* _Action item_
Give again only the lines from the line that holds "Piccolo scrittoio Luigi" to the end of the data, inclusive, omitting all pictures.
━━━━━ Data under study
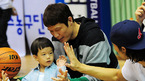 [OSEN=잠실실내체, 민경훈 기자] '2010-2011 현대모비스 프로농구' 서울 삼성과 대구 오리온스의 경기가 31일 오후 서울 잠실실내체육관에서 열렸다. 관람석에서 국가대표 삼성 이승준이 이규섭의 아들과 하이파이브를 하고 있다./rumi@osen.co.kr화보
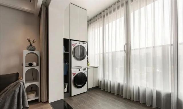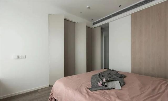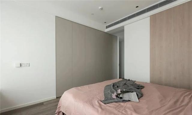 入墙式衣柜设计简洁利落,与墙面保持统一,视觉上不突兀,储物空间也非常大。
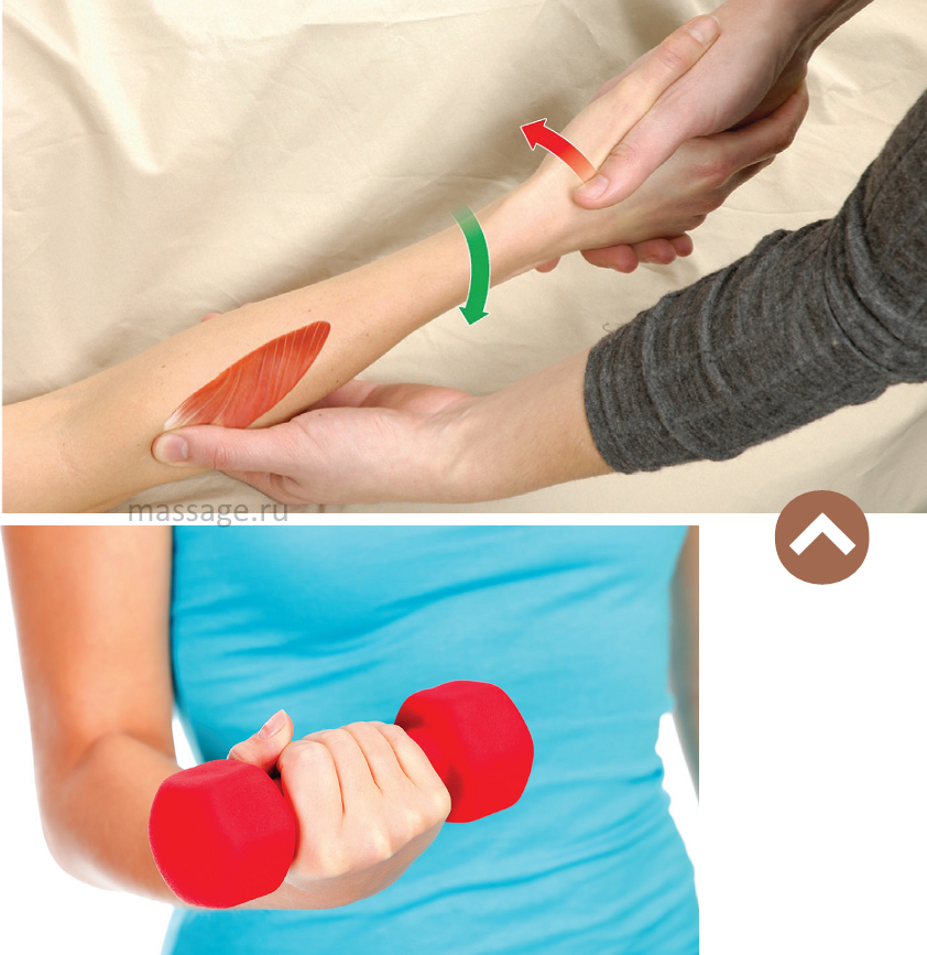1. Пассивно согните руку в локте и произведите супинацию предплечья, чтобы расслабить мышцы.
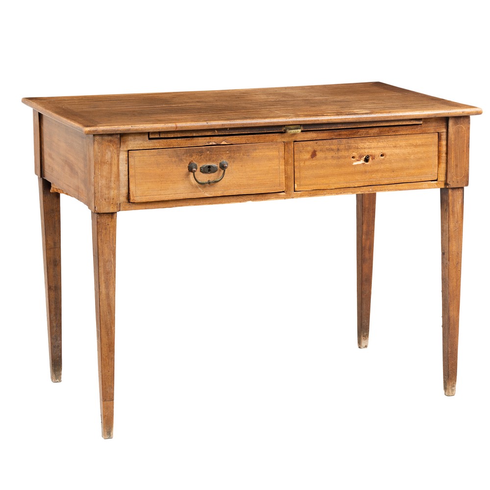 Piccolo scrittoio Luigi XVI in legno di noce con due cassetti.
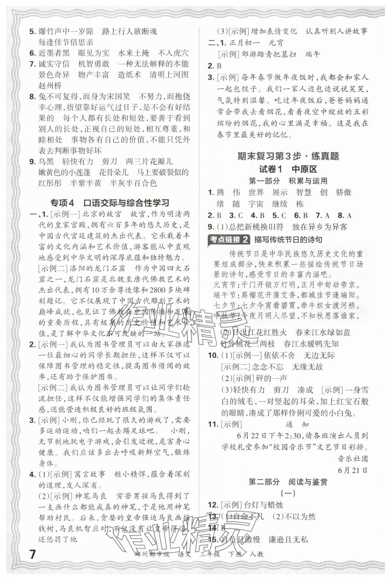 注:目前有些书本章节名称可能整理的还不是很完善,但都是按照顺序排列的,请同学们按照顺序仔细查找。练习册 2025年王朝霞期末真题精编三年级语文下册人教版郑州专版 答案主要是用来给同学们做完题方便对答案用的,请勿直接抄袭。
━━━━━━━━━━
* _Exercise result_
 Piccolo scrittoio Luigi XVI in legno di noce con due cassetti.
 注:目前有些书本章节名称可能整理的还不是很完善,但都是按照顺序排列的,请同学们按照顺序仔细查找。练习册 2025年王朝霞期末真题精编三年级语文下册人教版郑州专版 答案主要是用来给同学们做完题方便对答案用的,请勿直接抄袭。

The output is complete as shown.